1. Those are mainly found in cigarettes, not pipe tobacco.
According to which studies? I have found no useful information on differences in content between tobacco in cigarettes and tobacco sold for pipe smoking (or chewing I suppose). If this packaged tobacco is so harmless and organic (in the food-organic sense, not the chemical-organic sense), how is it that people who chew tobacco are at such high risk of mouth cancer?
2. Pipe smoke should not be inhaled.
Okay. I did look at a bit of information about pipe smoking when I first saw this thread, and I saw that recommendation everywhere, but I can't fathom how it works. Can someone explain this to me because obviously I've never smoked a pipe.
There's the pipe. There's the tobacco in the pipe. And it's burning. So there's smoke coming out of the pipe, and that smoke goes into your mouth, and into the air in the room?

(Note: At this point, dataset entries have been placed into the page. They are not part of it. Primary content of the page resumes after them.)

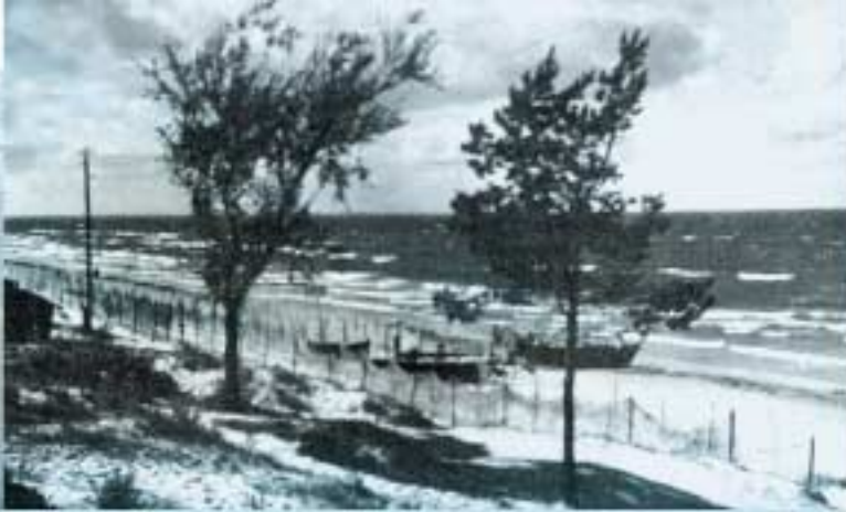
Tiklu žāvēšana Kolkas jūrmalā 50-tos gados

Sievietes zvejā nepiedalījās, bet veica galvenos darbus lomu apstrādē un pārdošanā. Ritos viņas valgumā gaidīja virus atgriežamies no jūras un ķērās pie zivju apstrādes: purgāja zivis no tikliem, palīdzēja vīriem nogādāt tās mājās, kur zivis mazgāja, tīrīja, vēra uz virbiem , kūpināja, pepināja (sk. tālāk) un citādi apstrādāja.
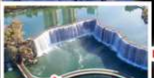
สวนน้ำตกคุณเหมิง
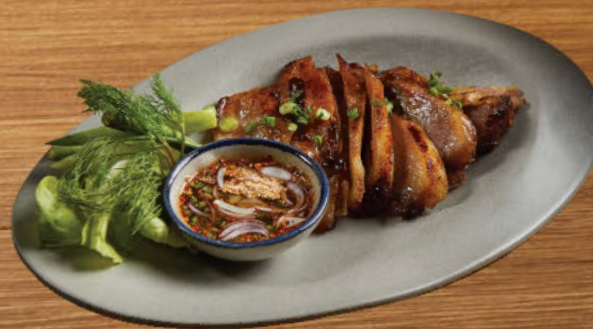
คอหมูย่าง 450 Grilled pork neck
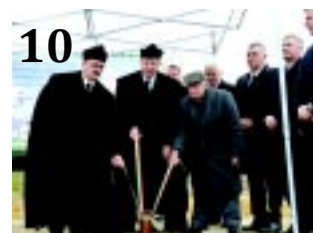
10 TEMPLOM ÉPÜL
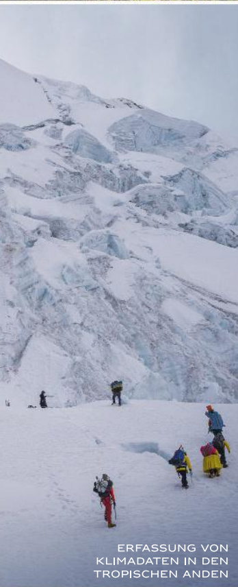
ERFASSUNG VON KLIMADATEN IN DEN TROPISCHEN ANDEN
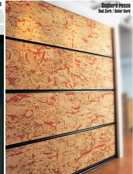
Sughero rosso Red Cork / Roter Kork
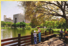
▲民國94年時的中興湖
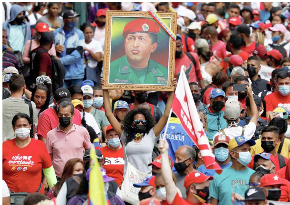
"Recordar a Chávez es traer su voz y su lucha por la emancipación de Nuestra América y del mundo"

Recordar su voz diciéndole a su pueblo "Y aquí en Venezuela lo que estamos haciendo es un esfuerzo gigantesco
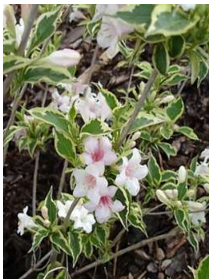
Weigela florida 'Nana variegata' vajgela

Habitus: listopaden grm, razprostrte pokončne rasti, h: 1.5m, š: 1.5m, cvet: temno roza (junij/julij)
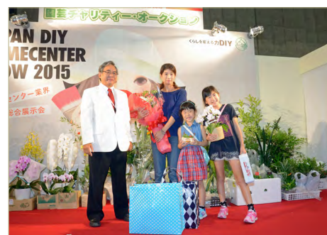
来場 600 万人達成
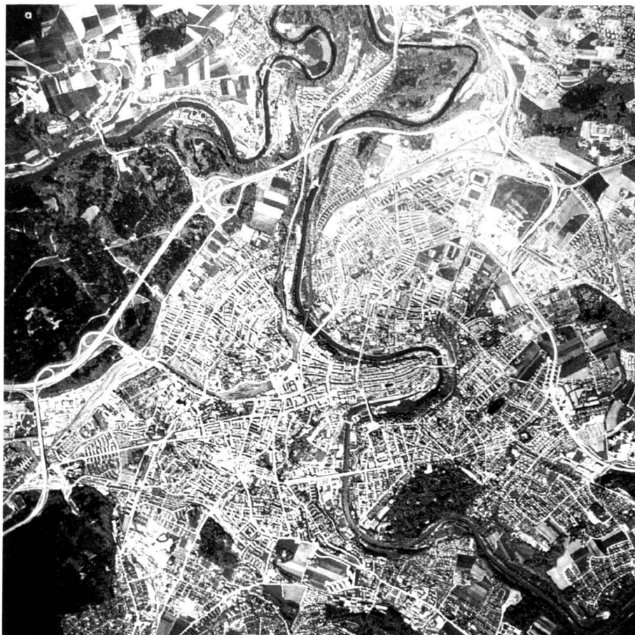
Luftbild der Stadt Bern. 1984.

Berne City Gardens Department maintains a total of 385 ha of green open spaces (some 30 m 2 /per inhabitant). If the forests are also included, there are approx. 150 m 2 of green open space for leisure and recreation available for each inhabitant.

So the pipe smoker breathes in, holds his breath, puts the pipe in his mouth, lets smoke collect for a while, then breathes it all out? Or the pipe smoker puts the pipe in his mouth, puffs (isn't that inhaling a little?), lets the smoke collect without actively closing off the airway, and then breathes it out eventually? That second method doesn't seem to me like it can be called "not inhaling". More like "not inhaling deeply". Because not inhaling means literally holding your breath while the pipe is in your mouth, otherwise some smoke is going to get into your lungs.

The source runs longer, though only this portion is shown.